** Required action **
Write out exactly the lines from the one with "Bước sang tháng" through the last line of the data below, but not the pictures.

** Recorded information **

*** Block opens ***

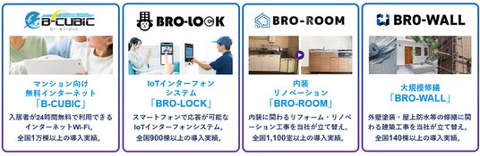ブロードエンタープライズは2000年12月の創業以来、全国の空室問題を解決すべく、マンション向け高速インターネット「B-CUBIC」、IoTインターフォンシステム「BRO-LOCK」、宅内IoTリノベーション「BRO-ROOM」、外壁塗装・大規模修繕工事「BRO-WALL」をはじめとした住宅のバリューアップに繋がるサービスを提供しており、事業全体で20万世帯以上の導入実績があります。
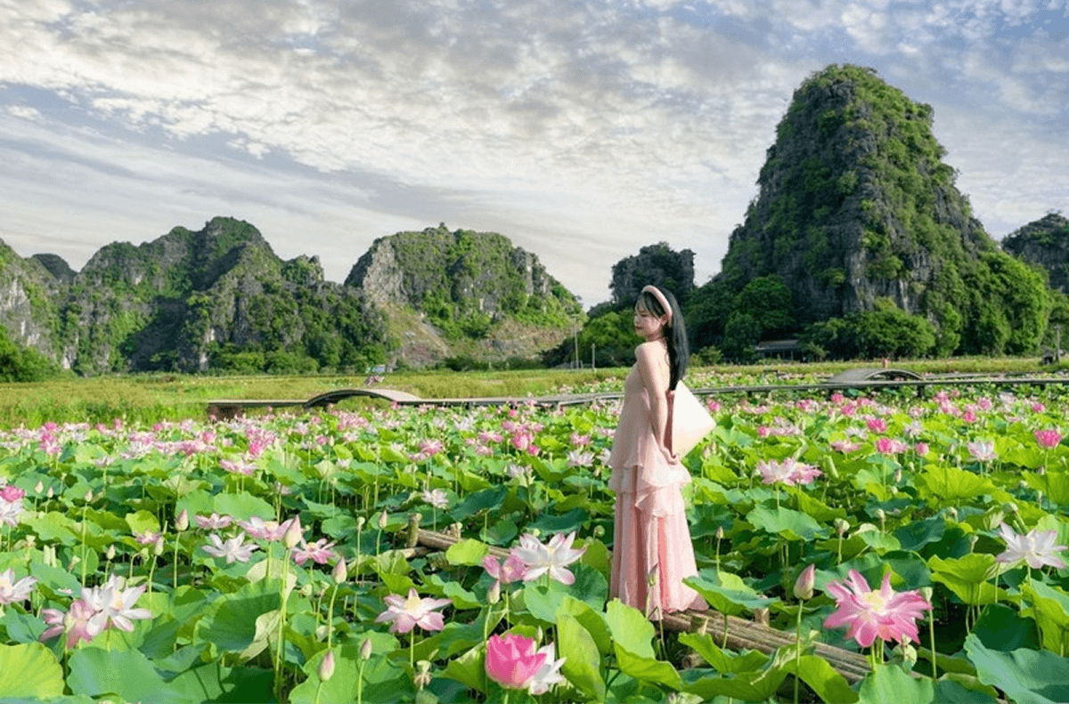 Bước sang tháng 7 đến tháng 9, thời tiết Ninh Bình bắt đầu dịu mát, mang hơi thở giao mùa giữa hạ và thu. Cả vùng Cố đô được điểm tô bởi sắc hồng của hoa sen, tím của hoa súng trên những đầm nước tĩnh lặng khung cảnh lãng mạn và yên bình đến khó tả.
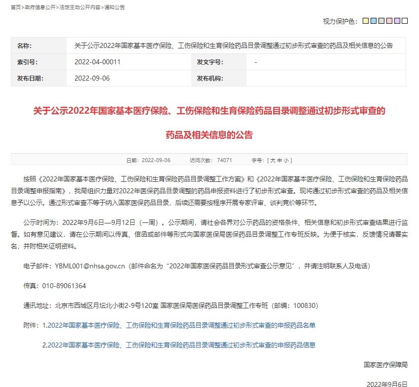 根據(jù)2022年國家基本醫(yī)療保險、工傷保險和生育保險藥品目錄(以下簡稱國家醫(yī)保藥品目錄)調(diào)整工作安排,國家醫(yī)保局近期對申報藥品進行了初步形式審查,并對通過審查的藥品和信息進行了公示?,F(xiàn)就有關(guān)工作情況解讀如下。
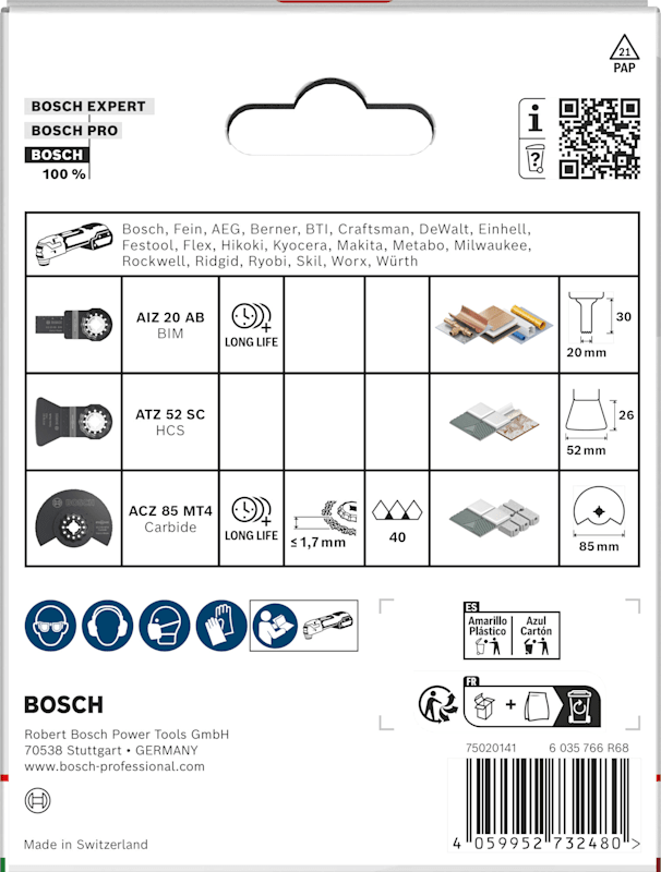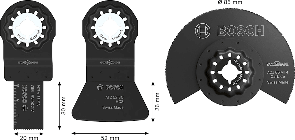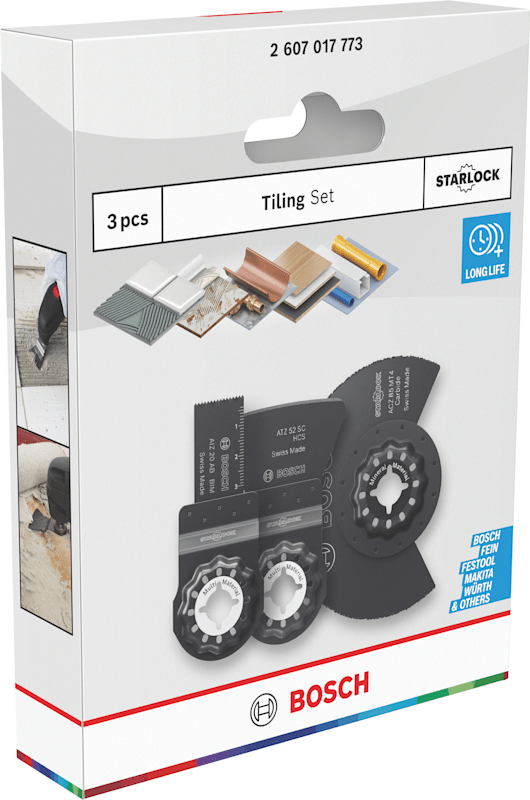 Mit den Sägeblättern im Fliesen Set können professionelle Fliesenleger und Renovierer den Mörtel zwischen den Fliesen entfernen und den dahinter liegenden Fliesenkleber abkratzen.

*** Block closes ***

** Final answer **
 Bước sang tháng 7 đến tháng 9, thời tiết Ninh Bình bắt đầu dịu mát, mang hơi thở giao mùa giữa hạ và thu. Cả vùng Cố đô được điểm tô bởi sắc hồng của hoa sen, tím của hoa súng trên những đầm nước tĩnh lặng khung cảnh lãng mạn và yên bình đến khó tả.
 根據(jù)2022年國家基本醫(yī)療保險、工傷保險和生育保險藥品目錄(以下簡稱國家醫(yī)保藥品目錄)調(diào)整工作安排,國家醫(yī)保局近期對申報藥品進行了初步形式審查,并對通過審查的藥品和信息進行了公示?,F(xiàn)就有關(guān)工作情況解讀如下。
 Mit den Sägeblättern im Fliesen Set können professionelle Fliesenleger und Renovierer den Mörtel zwischen den Fliesen entfernen und den dahinter liegenden Fliesenkleber abkratzen.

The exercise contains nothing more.